Постом я пытался поговорить об Эрне с директором ресторана, с которым был хорошо знаком. Он недоуменно развел руками и сказал, что ничего о ней не знает, кроме того, что она несколько раз была здесь с инженером Шервицем.
Над Ленинградом плыли тяжелые зимние тучи, гонимые ветром, который угрожал каждую минуту проткнуть бесформенную пелену и засыпать город белым дождем. Я спешил на заседание президиума актива иностранных специалистов и перед входом столкнулся с Шервицем. Он был вместе с Эрной, которая ответила на мое приветствие еще одной из своих роскошных улыбок (их у нее был целый набор — на разные случаи жизни). Инженер прямо излучал блаженство и у гардероба прошептал мне на ухо:
— Если бы вы знали, как хороша Эрна!
— О чем вы там шушукаетесь, Карлуша? — послышался за нами голос Эрны, которая не пропустила мимо ушей последние слова.
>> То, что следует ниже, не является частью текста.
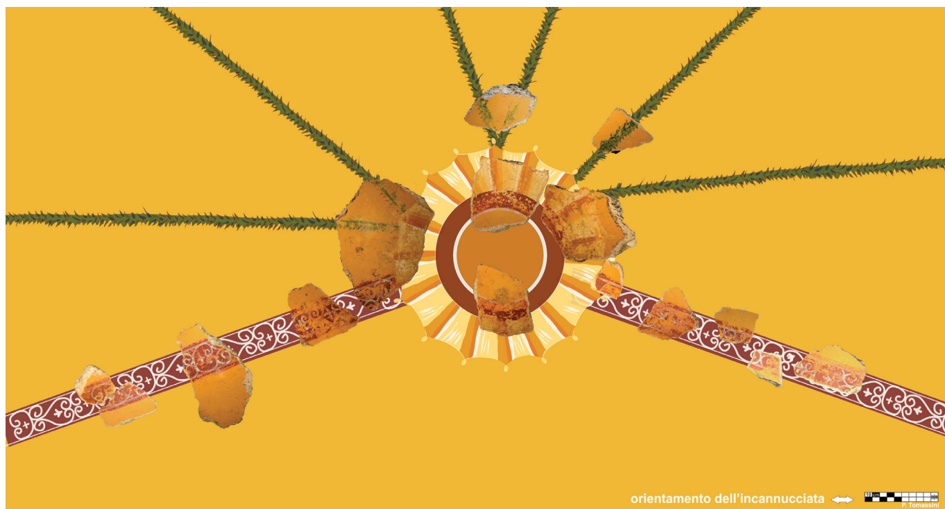
3. Gruppo di frammenti di soffitto dal Caseggiato delle Taberne Finestrate.
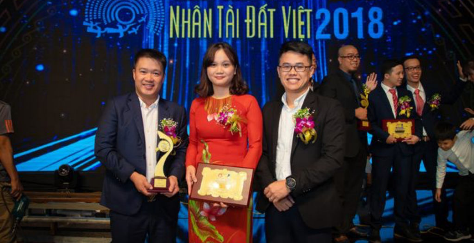
Dự án Vbee đạt giải Nhân tài Đất Việt 2018

là các doanh nghiệp lớn, hơn 12.000 khách hàng sử dụng ứng dụng Vadi và trên 100.000 yêu cầu mỗi ngày trên website công ty (Vbee.vn).
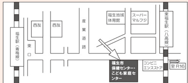
福生市保健センター・子ども家庭センター案内図

電話番号 母子保健係 042-552-0312 子ども家庭支援係 042-539-2555
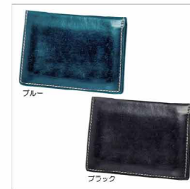
色展開 ブルー ブラック
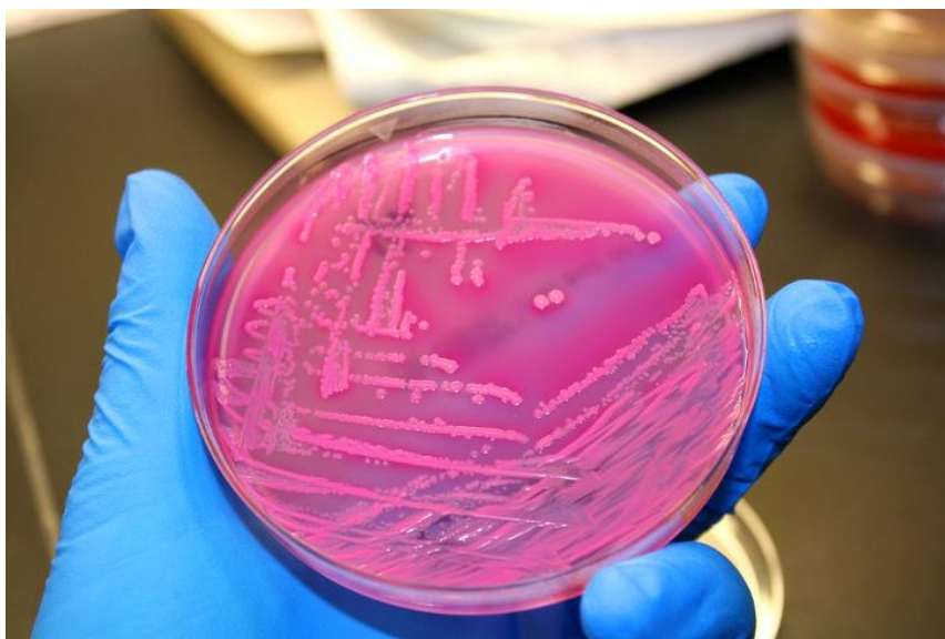
Slika. 2. Kolonije Echerichia coli na hranjivoj podlozi u Petrijevoj zdjelici

Escherichia coli je dominantna bakterijska vrsta u crijevima i fecesu. Kao primarni ili sekundarni uzročnik može uzrokovati različita patološka stanja u ljudi i životinja. Rasprostranjena je u okolišu. Životinje svakodnevno putem hrane i vode dolaze u dodir sa njom. Fiziološki se nalazi u probavnom sustavu svih toplokrvnih životinja i ljudi, a pod određenim uvjetima uzrokuje kolibacilozu. Kolibaciloza se opisuje infekcijom bakterije E. coli koja se očituje upalnim promjenama u crijevu ili drugim organima te septikemijom i koliseptokemijom. Enterohemoragični (EHEC) sojevi E. coli mogu izazvati bolest u teladi, a često se nalaze u životinjama bez kliničkih simptoma te u njihovim izlučevinama i okolišu. Taj serovar (naziv za grupu mikroorganizama ili virusa koji imaju zajedničke antigene na svojoj površini) se u humanoj medicini smatra osobito patogenim, a u čovjeka može prouzročiti proljeve, hemolitičkoureemični sindrom, hemoragične kolitise i druge komplikacije. Kako izgledaju kolonije Echerichia coli na hranjivoj podlozi u Petrijevoj zdjelici možemo vidjeti na slici 2 [5].

— Это панегирик в вашу честь, — ответил я за своего друга.
— Тогда все в порядке. Пойдемте, — облегченно сказала Эрна, взяв черную большую лакированную сумку, а также кожаную папку для нот, на которой отчетливо виднелся значок золотой арфы.
Мы вошли в салон, где можно было закусить. Отличная кухня привлекала сюда много иностранных специалистов, которые в уютной обстановке проводили здесь вечера. Затем мы отправились на заседание, а Эрна осталась ждать в салоне.
Заседание продолжалось дольше, чем предполагалось, и Шервиц начал нервничать.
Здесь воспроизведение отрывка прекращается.